Extracted information:
• • • •

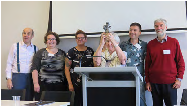
Winners are grinners!
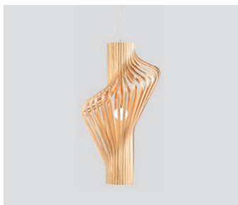
Diva pendant oak – Item no. 380
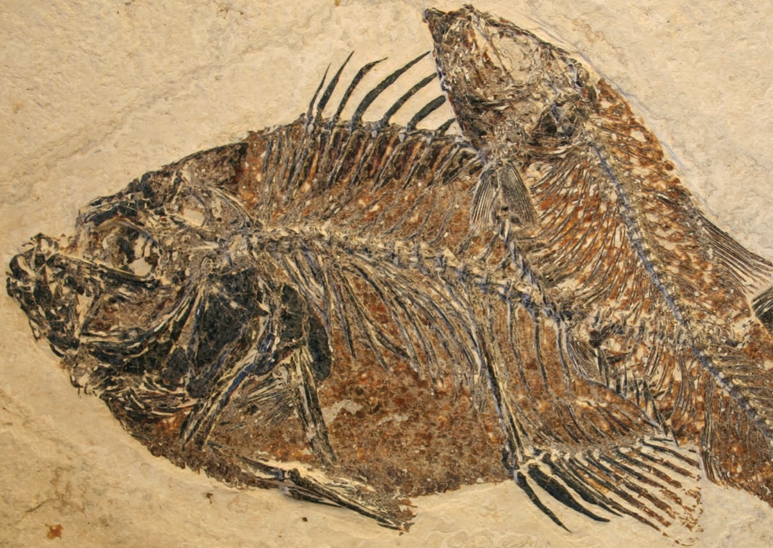
Detail of the Eocene fish Diplomystus and Priscacara from the Green River Formation, Wyoming. Yvonne Cooper © Cockburn Museum
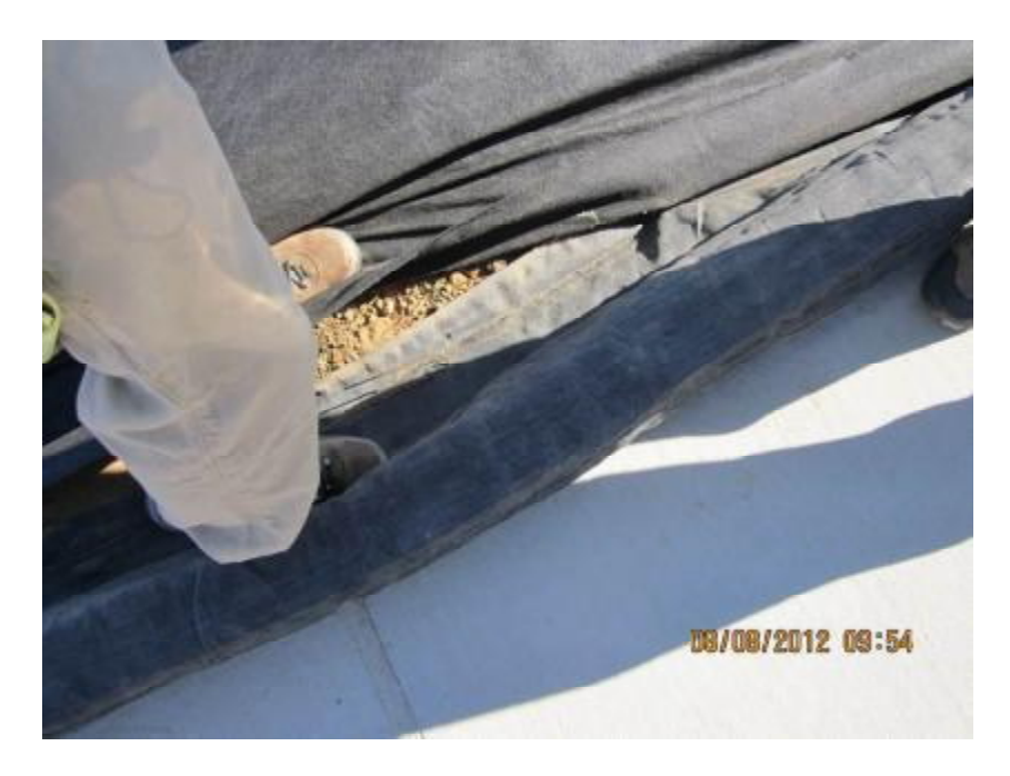
Photograph 2. View of "heavy weight wattle" sediment control BMP which was not entrenched into the ground.
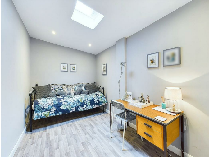
Snug 12'2" x 7'2" (3.72 x 2.19)

With a door leading from the kitchen, a door leading to the store room and a skylight window above
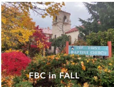
FBC in FALL
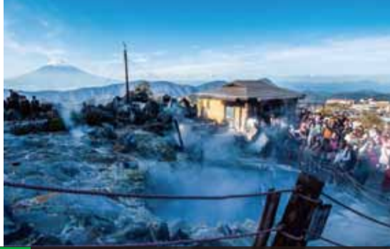
Owakudani (Fumarole Field)

Here, one can observe the last explosion point of the long volcanic activity.
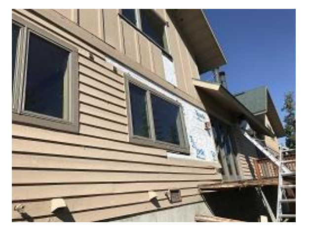
Building E7 Unit 49 & 50 Demo
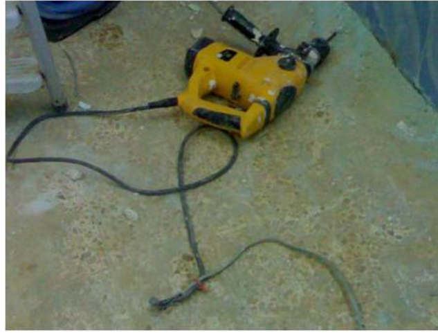
Site Photos 14 and 15. Unsafe electrical practices used by the contractor and captured in daily QA reports

• • • •

What is expected:
Give back, exactly and without pictures, the stretch of the records above from the line containing "Diva pendant oak – Item no. 380" through the line containing "Photograph 2. View", with both end lines included.

Answer for the task:
Diva pendant oak – Item no. 380
Detail of the Eocene fish Diplomystus and Priscacara from the Green River Formation, Wyoming. Yvonne Cooper © Cockburn Museum
Photograph 2. View of "heavy weight wattle" sediment control BMP which was not entrenched into the ground.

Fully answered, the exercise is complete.